Assignment | Make an exact copy of the records, with the pictures left out.

Provided records |

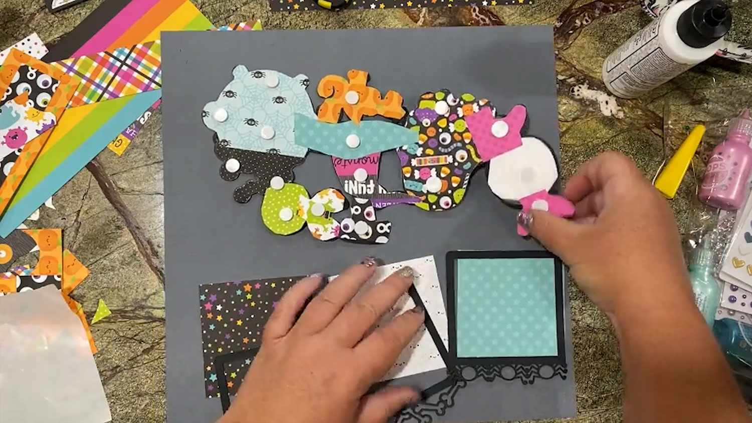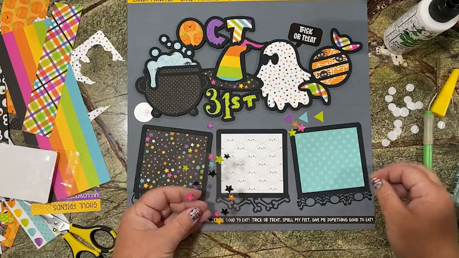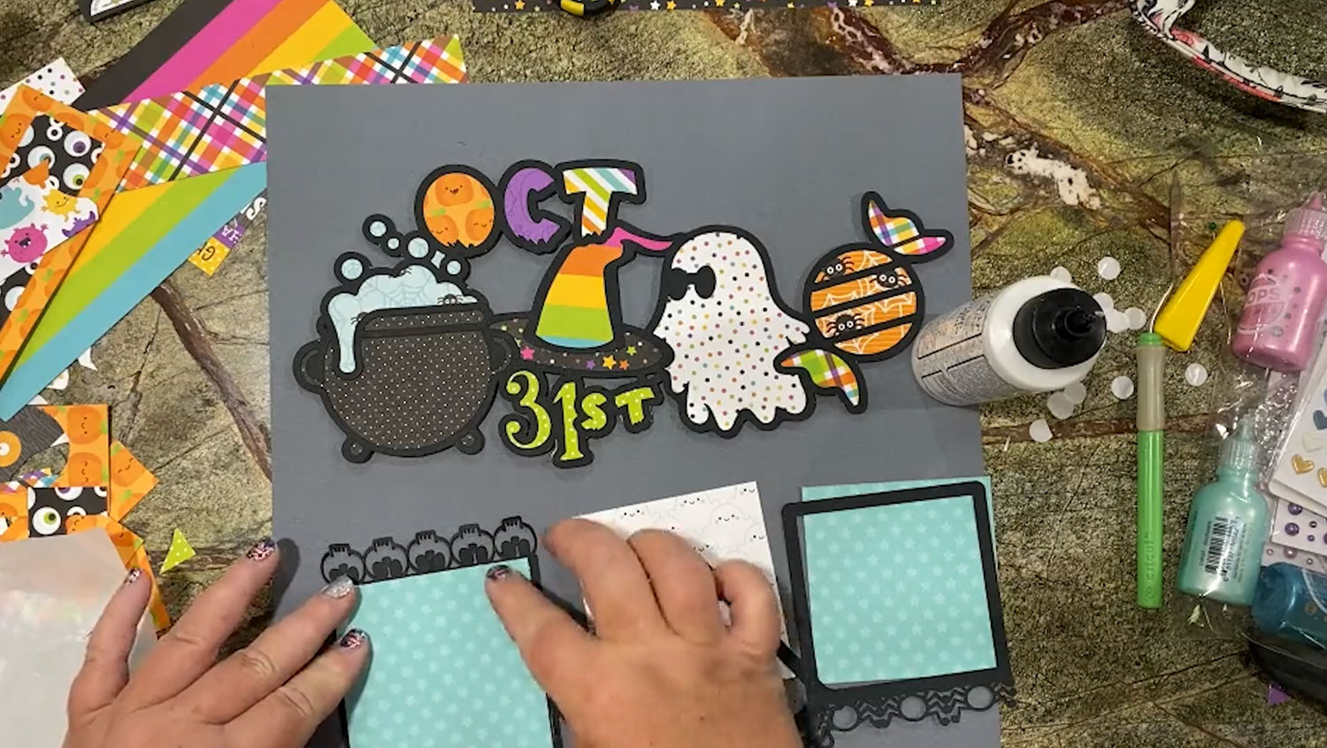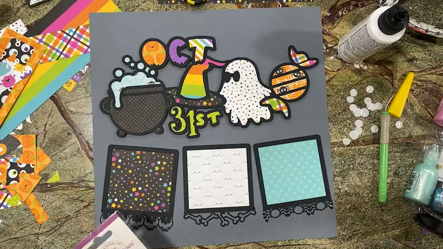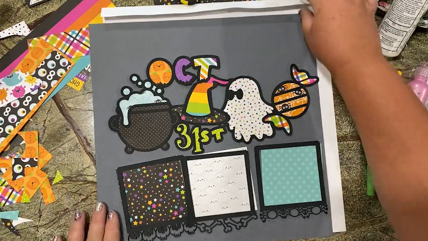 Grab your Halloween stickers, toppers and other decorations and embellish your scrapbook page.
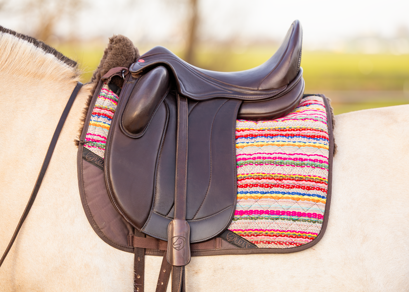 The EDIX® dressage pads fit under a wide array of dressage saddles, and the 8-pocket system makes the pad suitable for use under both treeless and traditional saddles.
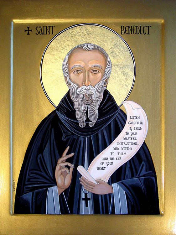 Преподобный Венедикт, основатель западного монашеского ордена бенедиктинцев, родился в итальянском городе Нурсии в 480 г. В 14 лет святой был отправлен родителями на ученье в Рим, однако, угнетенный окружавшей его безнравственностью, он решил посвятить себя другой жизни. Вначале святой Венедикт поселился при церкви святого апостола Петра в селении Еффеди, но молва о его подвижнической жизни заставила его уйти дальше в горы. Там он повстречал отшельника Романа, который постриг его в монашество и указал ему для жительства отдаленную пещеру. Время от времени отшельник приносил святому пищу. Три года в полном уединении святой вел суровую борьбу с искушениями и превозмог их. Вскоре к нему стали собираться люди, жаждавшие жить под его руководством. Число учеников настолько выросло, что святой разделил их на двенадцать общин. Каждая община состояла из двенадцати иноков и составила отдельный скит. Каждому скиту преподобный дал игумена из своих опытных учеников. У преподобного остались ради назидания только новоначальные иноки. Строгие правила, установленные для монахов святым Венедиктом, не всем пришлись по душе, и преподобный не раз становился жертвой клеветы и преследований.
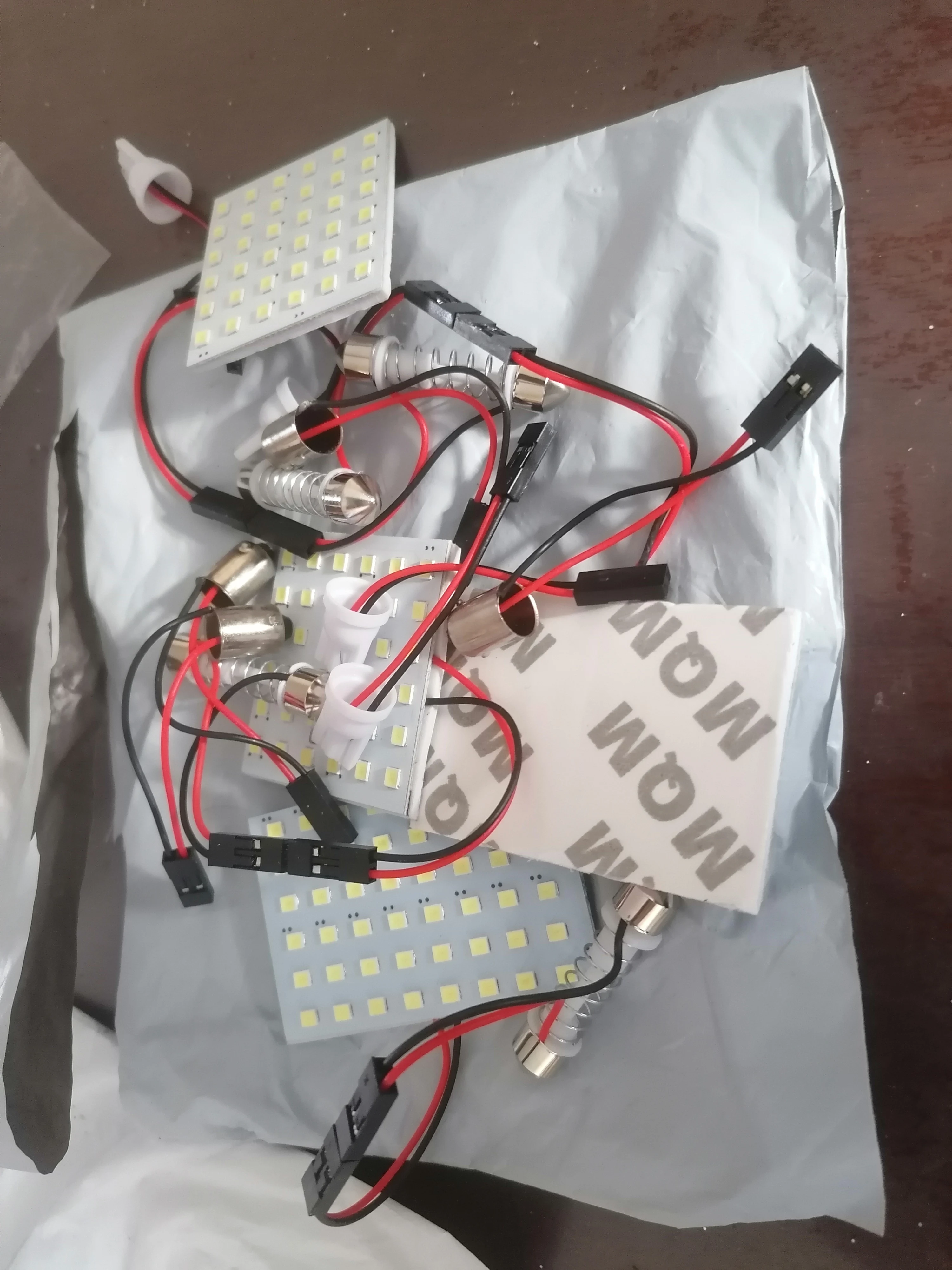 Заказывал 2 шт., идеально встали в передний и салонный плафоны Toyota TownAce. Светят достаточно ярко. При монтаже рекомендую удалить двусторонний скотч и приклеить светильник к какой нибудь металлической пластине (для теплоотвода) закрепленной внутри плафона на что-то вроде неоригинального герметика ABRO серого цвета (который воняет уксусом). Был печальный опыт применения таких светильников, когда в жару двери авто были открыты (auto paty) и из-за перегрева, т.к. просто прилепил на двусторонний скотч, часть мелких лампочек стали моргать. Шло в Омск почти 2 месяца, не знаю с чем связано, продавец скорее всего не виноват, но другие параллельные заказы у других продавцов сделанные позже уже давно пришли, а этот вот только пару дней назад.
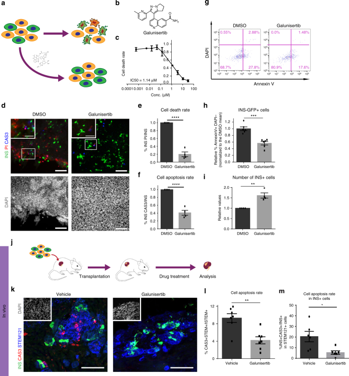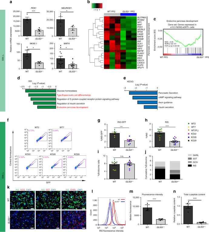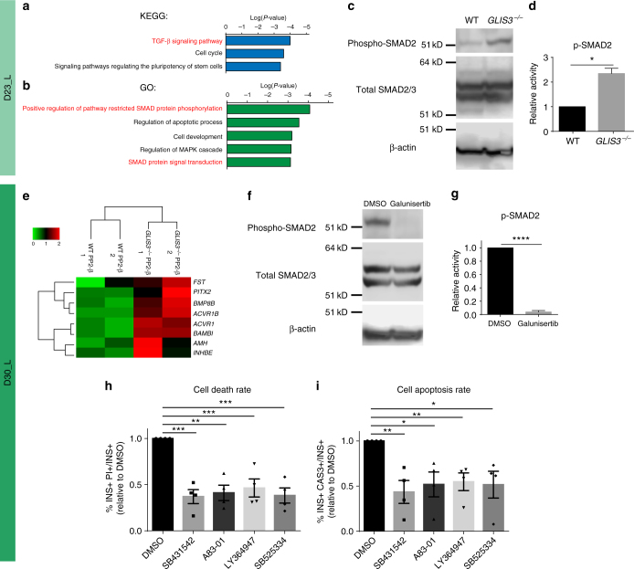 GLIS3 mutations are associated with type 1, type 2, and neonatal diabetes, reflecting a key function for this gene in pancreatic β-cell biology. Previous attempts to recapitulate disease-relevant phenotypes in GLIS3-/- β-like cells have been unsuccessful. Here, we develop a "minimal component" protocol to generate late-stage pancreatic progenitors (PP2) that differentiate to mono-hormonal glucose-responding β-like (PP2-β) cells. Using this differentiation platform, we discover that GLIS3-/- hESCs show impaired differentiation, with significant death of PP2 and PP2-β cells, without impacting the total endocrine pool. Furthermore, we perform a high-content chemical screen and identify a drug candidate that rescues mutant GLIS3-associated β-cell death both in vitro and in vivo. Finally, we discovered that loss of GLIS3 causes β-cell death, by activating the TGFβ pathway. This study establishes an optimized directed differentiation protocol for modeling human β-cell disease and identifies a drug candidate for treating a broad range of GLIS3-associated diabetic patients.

Task result |
 Grab your Halloween stickers, toppers and other decorations and embellish your scrapbook page.
 The EDIX® dressage pads fit under a wide array of dressage saddles, and the 8-pocket system makes the pad suitable for use under both treeless and traditional saddles.
 Преподобный Венедикт, основатель западного монашеского ордена бенедиктинцев, родился в итальянском городе Нурсии в 480 г. В 14 лет святой был отправлен родителями на ученье в Рим, однако, угнетенный окружавшей его безнравственностью, он решил посвятить себя другой жизни. Вначале святой Венедикт поселился при церкви святого апостола Петра в селении Еффеди, но молва о его подвижнической жизни заставила его уйти дальше в горы. Там он повстречал отшельника Романа, который постриг его в монашество и указал ему для жительства отдаленную пещеру. Время от времени отшельник приносил святому пищу. Три года в полном уединении святой вел суровую борьбу с искушениями и превозмог их. Вскоре к нему стали собираться люди, жаждавшие жить под его руководством. Число учеников настолько выросло, что святой разделил их на двенадцать общин. Каждая община состояла из двенадцати иноков и составила отдельный скит. Каждому скиту преподобный дал игумена из своих опытных учеников. У преподобного остались ради назидания только новоначальные иноки. Строгие правила, установленные для монахов святым Венедиктом, не всем пришлись по душе, и преподобный не раз становился жертвой клеветы и преследований.
 Заказывал 2 шт., идеально встали в передний и салонный плафоны Toyota TownAce. Светят достаточно ярко. При монтаже рекомендую удалить двусторонний скотч и приклеить светильник к какой нибудь металлической пластине (для теплоотвода) закрепленной внутри плафона на что-то вроде неоригинального герметика ABRO серого цвета (который воняет уксусом). Был печальный опыт применения таких светильников, когда в жару двери авто были открыты (auto paty) и из-за перегрева, т.к. просто прилепил на двусторонний скотч, часть мелких лампочек стали моргать. Шло в Омск почти 2 месяца, не знаю с чем связано, продавец скорее всего не виноват, но другие параллельные заказы у других продавцов сделанные позже уже давно пришли, а этот вот только пару дней назад.
 GLIS3 mutations are associated with type 1, type 2, and neonatal diabetes, reflecting a key function for this gene in pancreatic β-cell biology. Previous attempts to recapitulate disease-relevant phenotypes in GLIS3-/- β-like cells have been unsuccessful. Here, we develop a "minimal component" protocol to generate late-stage pancreatic progenitors (PP2) that differentiate to mono-hormonal glucose-responding β-like (PP2-β) cells. Using this differentiation platform, we discover that GLIS3-/- hESCs show impaired differentiation, with significant death of PP2 and PP2-β cells, without impacting the total endocrine pool. Furthermore, we perform a high-content chemical screen and identify a drug candidate that rescues mutant GLIS3-associated β-cell death both in vitro and in vivo. Finally, we discovered that loss of GLIS3 causes β-cell death, by activating the TGFβ pathway. This study establishes an optimized directed differentiation protocol for modeling human β-cell disease and identifies a drug candidate for treating a broad range of GLIS3-associated diabetic patients.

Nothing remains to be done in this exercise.